The 540-page report, assembled over almost 12 months, doesn't actually have any final recommendations.
The ACCC has put together a very broad-ranging summary, utilising input from governments, departments, water lobby groups, farmers and water customers.
A glance through the 115 submissions will demonstrate the interest this issue has aroused.
The influence of speculators, the behaviour of water brokers, the crazy price escalations, the confusing array of multi-state regulations and the unintended consequences on the environment of some rules, are all laid out to see.
Surely the points raised in the interim report should have been dealt with in an issues paper.
Wait a minute — there was an issues paper released in October last year.
The latest interim report, a very thorough examination of the range of problems in water trading, looks more like an enhanced issues paper, than an interim report.
Curiously, while the ACCC had 11 months to compile this draft report, irrigators and anyone else interested in the outcomes, get only one month to read 500 pages, digest it and compile a submission in response.

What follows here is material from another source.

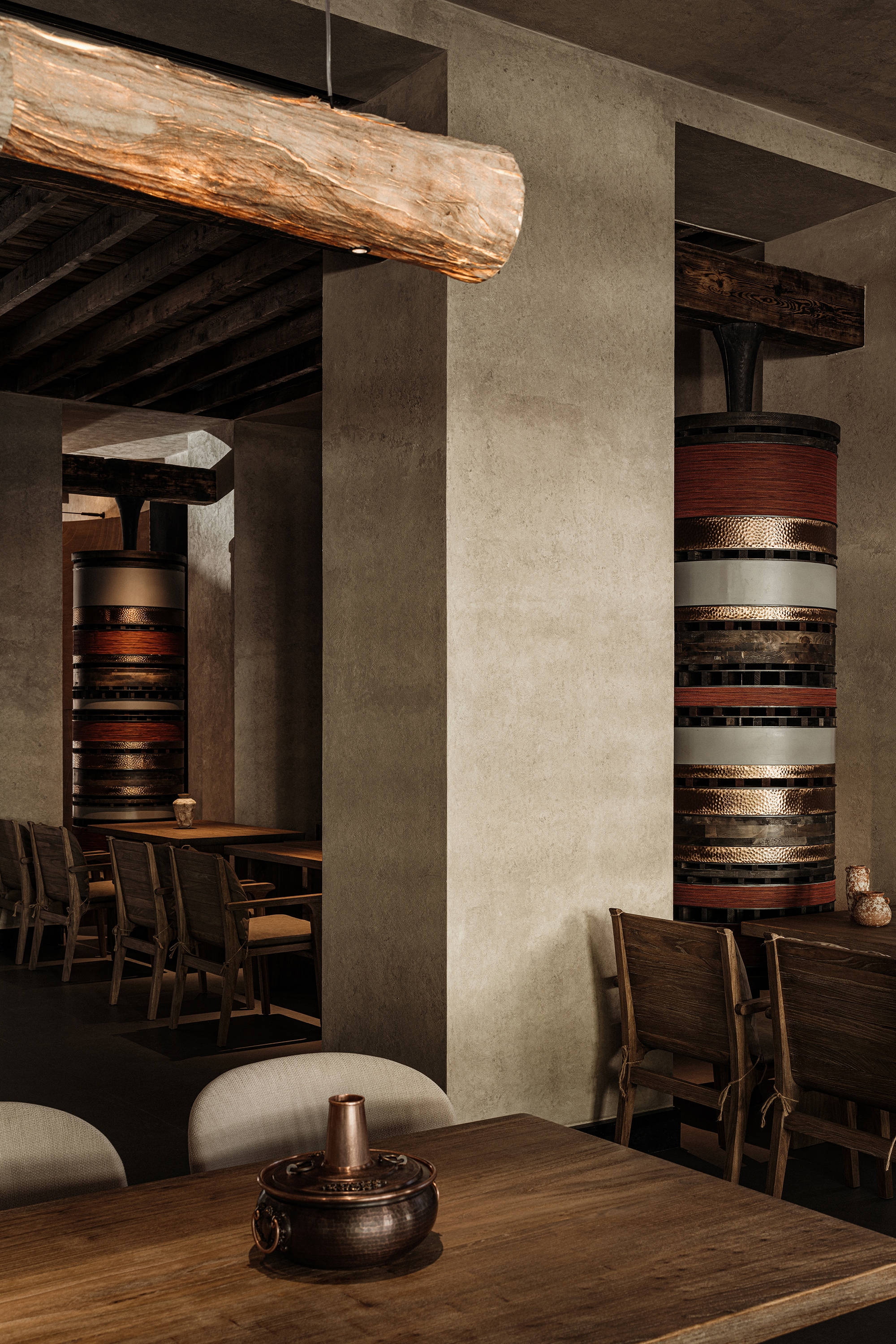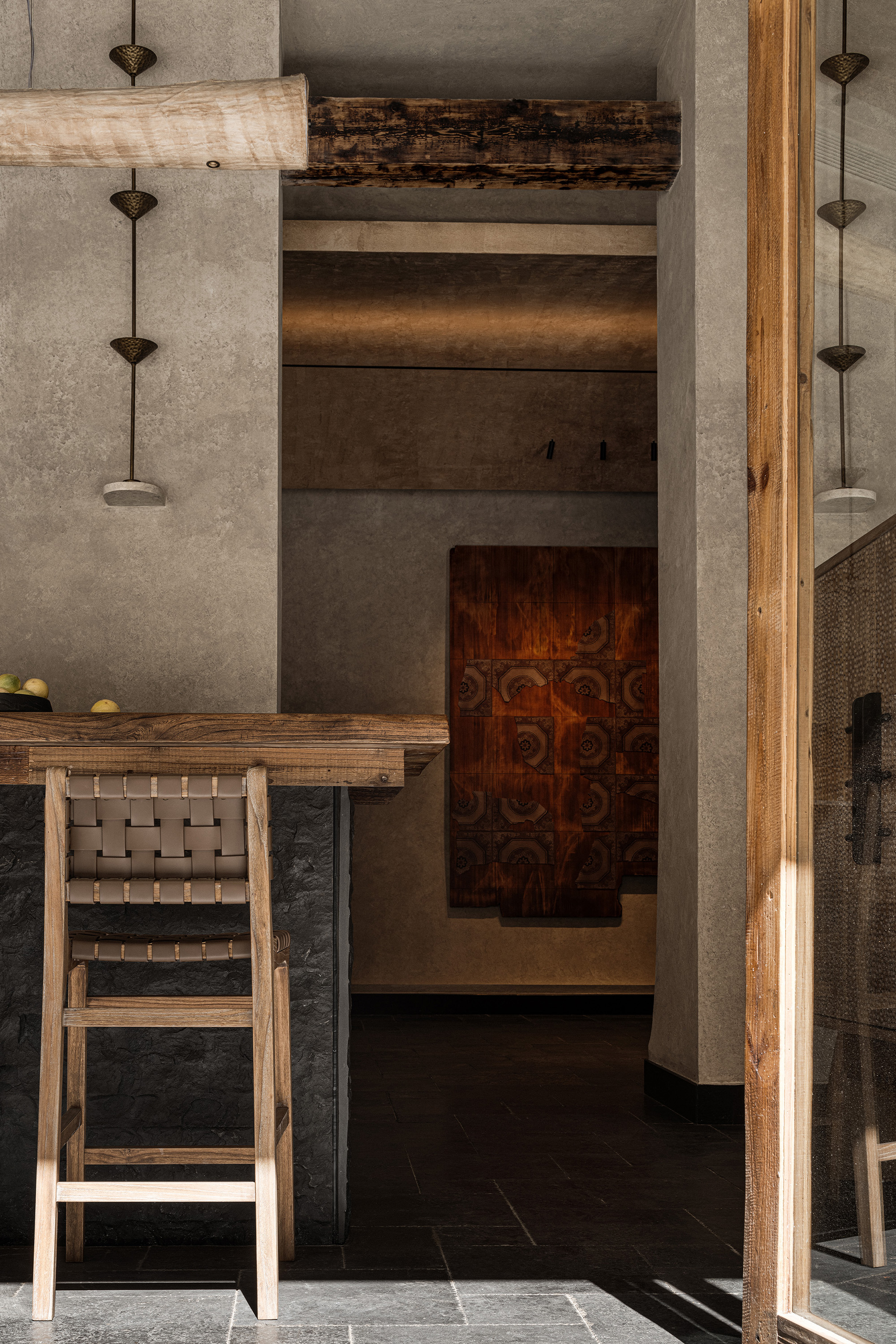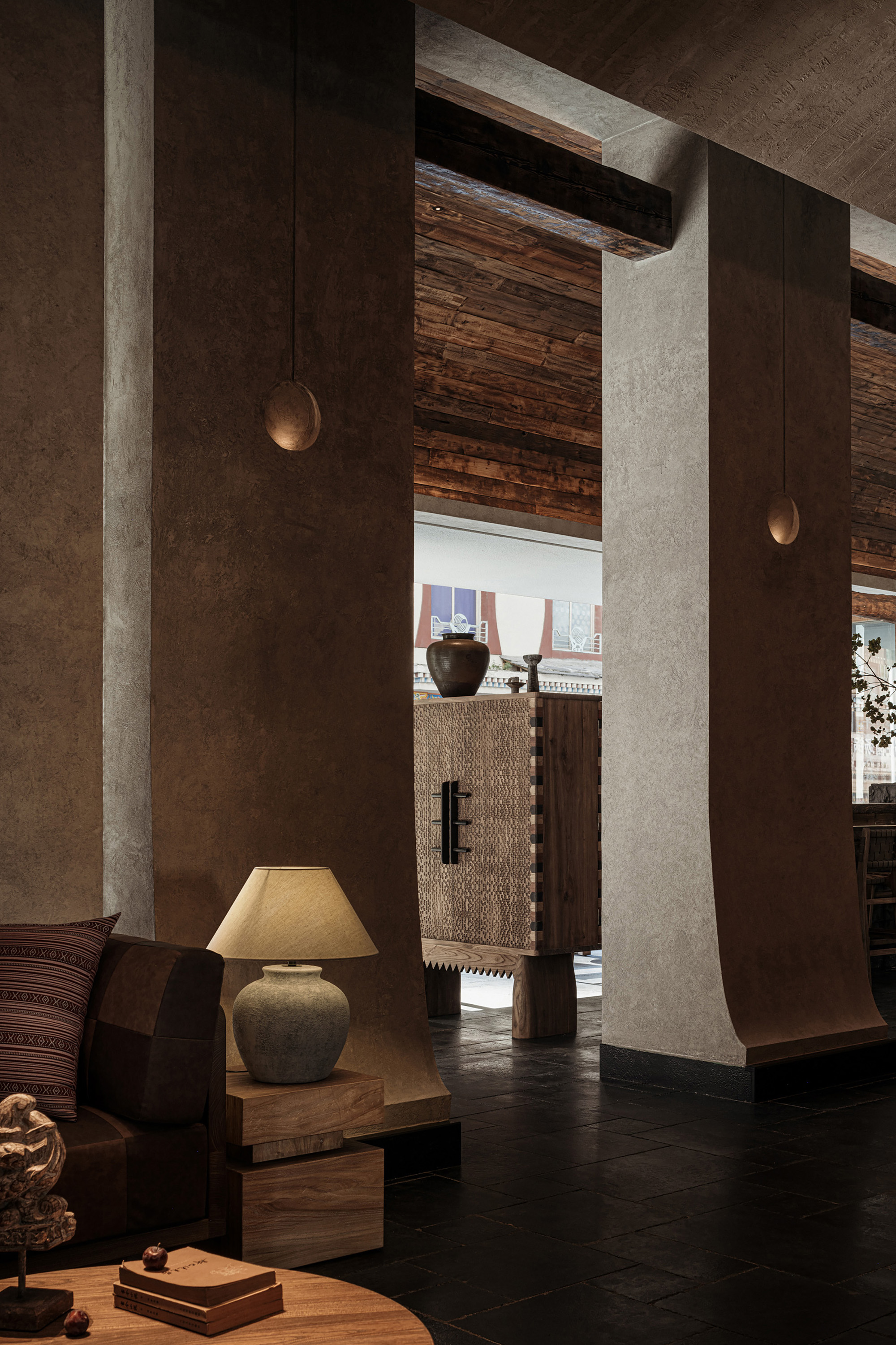 Gathering fleeting glimpses of humanistic essence from the details. The prayer wheel in the dining area, crafted from copper sheets, iron plates, and Tibetan red cotton thread, transforms religious ritual into an artistic installation. The wall hanging above the hearth features a copper-sheet composition resembling ravines, adorned with Tibetan bells. As the firelight dances across it, it casts shifting patches of light and shadow—a response to the rhythms of daily life. Meanwhile, small apertures in the thick walls allow light to seep through, gradually fading into a state of soft, permeating grayscale—a silent yet profound reflection of human culture's subtle influence. Thus, sacredness and everyday life intertwine, each enriching the other.

That's two weeks to read it at night and two weeks to prepare a response.
And how can farmers and water organisations give a robust response when they are required to guess at the outcomes?
Readers are faced with statements like this: "The ACCC is considering whether there is conduct that is harming the efficient working of the water market.”
There are too many "ifs", "maybes" and "maybe nots" to get a really good handle on what the commission is trying to say.
We have been handed a very long summary of the complaints about the water market, with few concrete recommendations.
Irrigators will say: "We know what the problems are, give us some solutions.”